What about the children; are they cranky, tired, fighting? Take the time to prepare them for the journey too so as to avoid distraction along the way.
You should also avoiding driving in storms or heavy rainfall, as poor weather can limit your visibility. If possible, it is best to find a safe place to pull over and wait out the poor weather.
4. Watch out for fatigue:Long trips are tiring, and fatigue can be deadly while in charge of a car, or in the car generally if a passenger is giving directions etc. Plan to get enough rest before and during the trip so that you are refreshed, alert and prepared to drive. Plan in advance where you’ll take breaks on your trip, if travelling long distances pre-book accommodation so you are forced to stop and rest. A large percentage of fatal traffic accidents are single vehicle crashes, and fatigue is often the major contributing factor.

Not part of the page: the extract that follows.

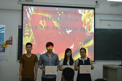 本系讯(通讯员:林秀华)5月29日晚8点整,我系党总支学生第三党支部2013-2014学年第二学期“主题党日活动”表彰大会在六栋315课室举行。出席本次活动的嘉宾有我系党总支组织委员林成园、学生第三党支部书记秦文飞、各支部的支委以及院膳食管理委员会的干部。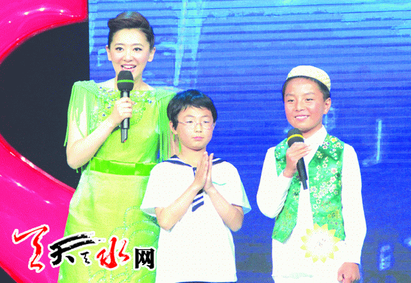 (图中为武山娃马明萱、左为央视主持人月亮姐姐)

5. Identify the safest routes:Some routes are safer than others. Roadside hazards like trees, ditches, poles and narrow shoulders can increase accident risk. Intersections can be dangerous and so can busy roads without a median barrier. Armed with that knowledge, you can adjust your driving to the conditions and take extra care on higher risk, rural roads.
6. Before you travel:Before embarking on your trip, check your vehicle including; tyre tread and pressure, lights, brakes, engine oil, coolant and power steering fluid. Consider having your vehicle properly inspected and serviced before you set off. Also, when packing your vehicle, make sure everything is securely stowed. Even small objects can become dangerous missiles in the event of a sudden stop or crash.
7. Check your trailers and caravans:If towing a caravan or trailer, you need to ensure they are safe and ready for the journey. You should review all attachments including chains and plugs, and ensure all lights are working. You should regularly check your tyre pressure and ensure that, if it is an open trailer, everything is tied down and secure.
When packing your caravan, trailer or camper van, you should make sure that everything is securely stored away. Keep an eye on the rear-view mirror throughout your journey to ensure everything is alright back there.
8. Keep your cool:Holiday driving can be frustrating with busy roads and potentially slower sightseeing travellers, not to mention impatient children in the vehicle. Be courteous and patient and don’t be provoked by other drivers' aggressive behaviour.
Frustrated, angry driving can make you impulsive and distract you from potential dangers ahead. If you feel yourself getting angry or frustrated, pull over. Stretch your legs somewhere and grab a snack or cool drink. Once you feel refreshed and the frustration has passed, you can get back on the road.
9. Buckle up & use correctly fitted child restraints:Seat beats save lives. Make sure everyone in your car is wearing a seat belt. It is illegal not to wear a seatbelt, but additionally wearing one is arguably the most significant thing you can do to improve your level of safety whilst driving or as a passenger. Additionally, correctly using and fitting child restraints, booster seats or child safety harnesses can substantially reduce the risk of serious injury or death.
10. Remember you’re sharing the road:Traffic volumes increase during the holidays and you’ll be sharing the road with a multitude of other vehicles. As it is a time for holidays, there are often larger, slower vehicles and well as those towing boats, caravans and camper-vans. Always follow at a safe distance and overtake safely.
While sitting behind slower travellers can be frustrating, dangerous overtaking or travelling too close could result in a serious, life changing accident. We see a range of clients who have experienced tragic accidents. We don’t want that to be you.